**DIRECTIONS:**
Starting with the line that contains "早在福慧寺筹建布置之初,我祈", repeat each line exactly through the final line of the listing. No picture should appear in the copy.

**PROVIDED DATA:**
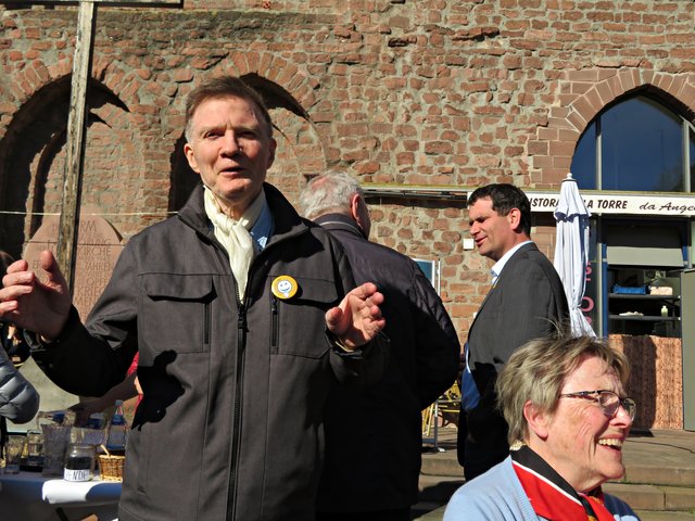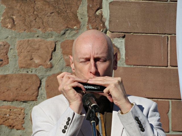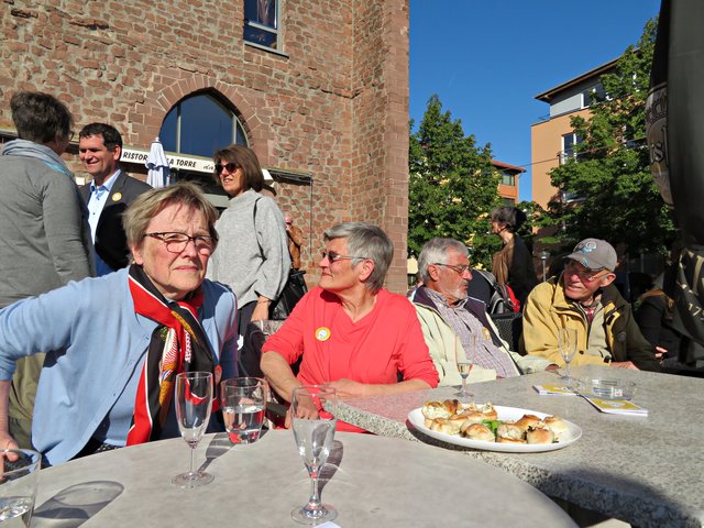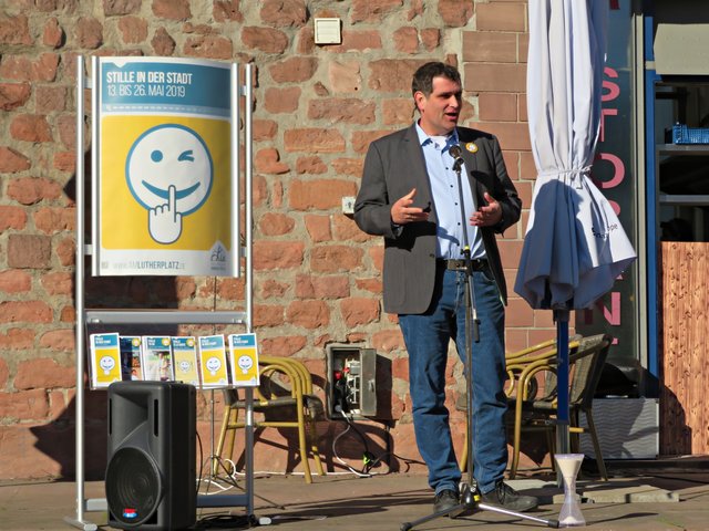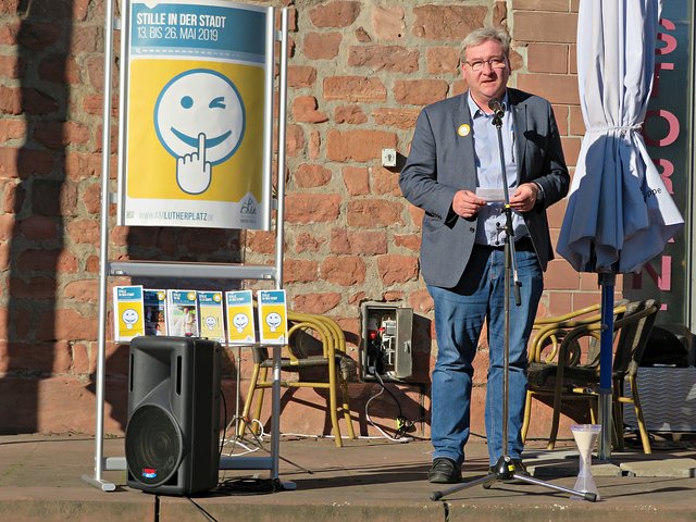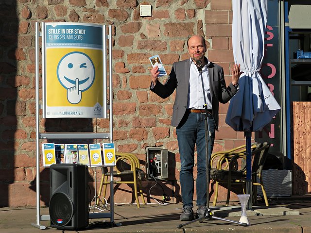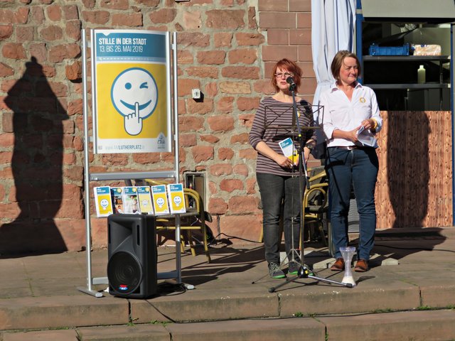 Die beiden Verantwortlichen und durch das Programm Führenden waren Bärbel Bähr-Kruljac und Susanne Schramm von der Evangelischen Kirche der Pfalz, die beide bei der Citykirche/Bildung und „Kultur am Lutherturm“ arbeiten. Über 15 weitere Projektunterstützer aus städtischen Einrichtungen und Vereinen stellten ihre Angebote vor. Der Platz vor dem Ristorante La Torre da Angelo im Lutherturm war sehr gut besucht. Die Gäste wurden vorzüglich von dort bewirtet mit Sekt/Wasser, Pizzen und allerlei kleinen Köstlichkeiten. Jens Bunge war mit seiner Mundharmonika zur musikalischen Untermalung eingeladen worden. Begrüßt wurden unter anderem Angelika Ritthaler, Vorsitzende des Lutherturm e.V., der als Förderverein die Arbeit „Am Lutherturm“ unterstützt, Pfarrer Frank Wolf, der alle evangelischen Kindergärten des Dekanates Ludwigshafen unter sich hat, Frau OB Jutta Steinruck und Dekanin Barbara Kohlstruck. Um 18.00 Uhr läuteten die Kirchenglocken. Und es war ganz einfach nur schön – einfach dem Läuten zuzuhören und den Halbmond neben dem Turmfirst zu sehen. Frau Schramm erklärte die Stille mit folgenden Worten: Stille beruhigt das Lebenstempo, Stille kann verzaubern, Stille der Inseln gibt es zu entdecken, man solle Stille in sich selbst finden. Sie bedankte sich bei Frau Steinruck, den Teilnehmern des Fotowettbewerbes, dem Musiker und allen, die Interesse an diesem Projekt haben.
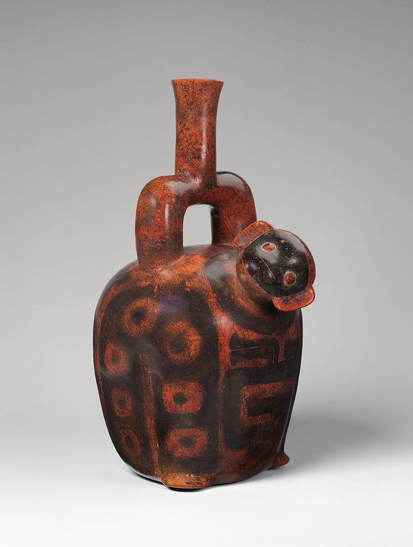 Stirrup-spout bottles were adopted by potters on Peru’s North Coast around 1200 B.C. Named in modern times after the spout’s resemblance to a riding saddle stirrup, these bottles remained the most recognizable vessel type in this region for the next 2,700 years. The peculiar spout provided a useful handle, but its main appeal may have been symbolic. By manipulating the flow of liquids, the spout could represent the circulation of water from rain to lakes, rivers, plants, and people. The water cycle may have been an organizing principle that aided Andean communities in understanding the complexity of the world and their place within it.
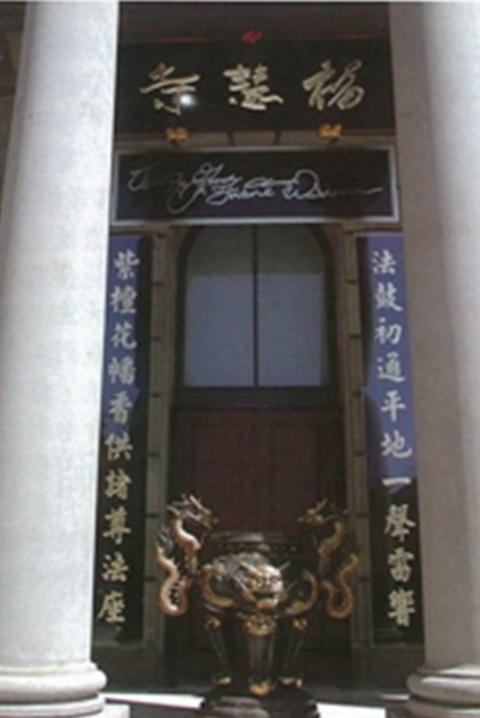 早在福慧寺筹建布置之初,我祈请多杰羌佛云高益西诺布顶圣如来为福慧寺赐写楹联,佛陀上师加持了三门楹联,其中有一副上联为『法鼓初通平地一声雷响』,下联是『紫檀花幡香供诸尊法座』,当时我们并不了解其中的甚深涵义,佛陀上师说这副联对得好,因缘微妙,但我想因缘成熟时终会得到佛陀上师的开示教导。
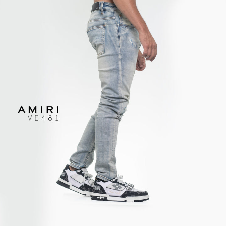 Un clásico con actitud rebelde. Este jean Amiri VE481 en denim claro combina un lavado desgastado con roturas estratégicas que le dan ese look callejero y auténtico que no pasa desapercibido. Su ajuste slim y el toque elástico del tejido aseguran comodidad sin perder forma ni estilo.

**WRITTEN RESPONSE:**
 早在福慧寺筹建布置之初,我祈请多杰羌佛云高益西诺布顶圣如来为福慧寺赐写楹联,佛陀上师加持了三门楹联,其中有一副上联为『法鼓初通平地一声雷响』,下联是『紫檀花幡香供诸尊法座』,当时我们并不了解其中的甚深涵义,佛陀上师说这副联对得好,因缘微妙,但我想因缘成熟时终会得到佛陀上师的开示教导。
 Un clásico con actitud rebelde. Este jean Amiri VE481 en denim claro combina un lavado desgastado con roturas estratégicas que le dan ese look callejero y auténtico que no pasa desapercibido. Su ajuste slim y el toque elástico del tejido aseguran comodidad sin perder forma ni estilo.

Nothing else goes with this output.